O capítulo Adeus às ilusões é voltado para a face filosófica do
pós-modernismo. Santos diz que o pós-modernismo está associado à decadência das
grandes ideias, valores e instituições ocidentais como Deus, a Razão e as
verdades totalitárias, entre outros conceitos. Neste sentido, ele enxerga duas
frentes encabeçadas pelos filósofos pós-modernos. A primeira aponta para o
caminho da desconstrução dos
princípios e concepções do pensamento ocidental. A segunda caminha para o
desenvolvimento e valorização de temas antes considerados menores na filosofia
como o desejo, a sexualidade, o cotidiano, entre outros assuntos. O pensamento
de alguns filósofos e pensadores como Nietzsche, Derrida, Guattari, Lyotard é
mencionado nesse capítulo.
Em A massa fria com Narciso no trono o autor afirma que um novo estilo
de vida é experimentado pelo indivíduo pós-moderno que é consumista, hedonista
e narcisista.
Seduzida e atomizada pelo mass
media a massa vive no conformismo – vive sem as tradições do passado e sem
um projeto futuro. Santos nomeia algumas deserções empreendidas pela massa
pós-moderna: deserção da história; deserção do político e ideológico; deserção
do trabalho; deserção da família; deserção da religião.

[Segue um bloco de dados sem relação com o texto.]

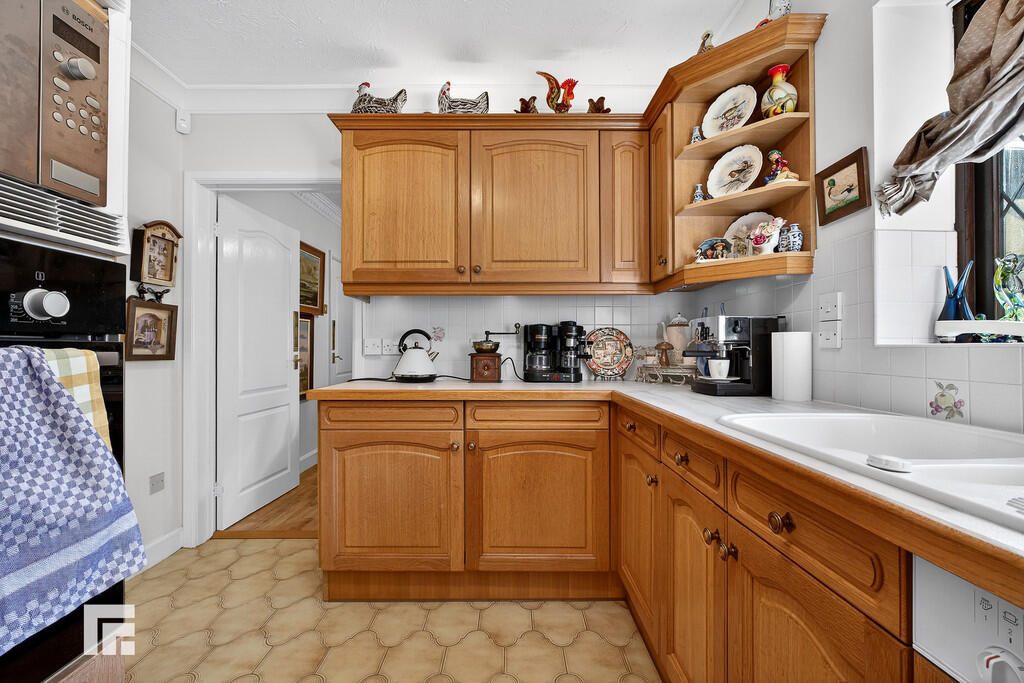 KITCHEN11' 8" x 9' 2" (3.57m x 2.80m) A well appointed kitchen fitted with a range of base and eye level units incorporating one and a half bowl composite sink and drainer with complementary work surfaces. Fitted electric oven and gas hob with extractor fan over. Integrated fridge, freezer and dishwasher. Tiled splash backs and flooring. Plinth heater. Double glazed window to rear overlooking the garden. Door to dining room.

Em função do enfraquecimento dos valores e instituições tradicionais, o
consumo, o mass media e a
tecnociência veem exercendo a motivação e o controle da sociedade pós-moderna
(massa e indivíduos). O bombardeio de mensagens que excitam os desejos é a
forma de motivação e controle dessa massa ultrafragmentada.
As imagens veiculadas são criadas visando a espetacularização da vida, à
simulação do real e à sedução do sujeito. O autor nomeia o indivíduo
pós-moderno de narciso sem substância
(neo-individualismo) que diferentemente do burguês moderno, não adere aos mitos
e ideais da sua sociedade.
Em Demônio terminal e anjo anunciador, capítulo de fechamento do livro, Santos retoma as principais noções tratadas ao longo do livro e
introduz a questão da condição pós-moderna – como as pessoas sentem e
representam para si mesmas o mundo que vivem. A dificuldade de representação do
mundo na atualidade se dá porque o pós
é repleto de des:
desreferencialização, desmaterialização, desestetização, desconstrução, despolitização
e desubstancialização. Não possuímos mais identidades fixas e a organização necessária
à representação se torna complexa. No lugar do ou, institui-se o e. Nós
somos uma coisa e outra ao mesmo
tempo. O sujeito pós-moderno compreende o conjunto de e,e,e,e formado por
pequenas vivências fragmentárias.
Por fim, aparentemente ciente da limitação de sua obra, Santos encaminha
uma pequena relação de referências bibliográficas nacionais e estrangeiras. As
traduções para o português de livros sobre a pós-modernidade ainda eram raros
nos idos dos anos de 1980 e sua listagem de livros poderia ser
consideravelmente ampliada na atualidade.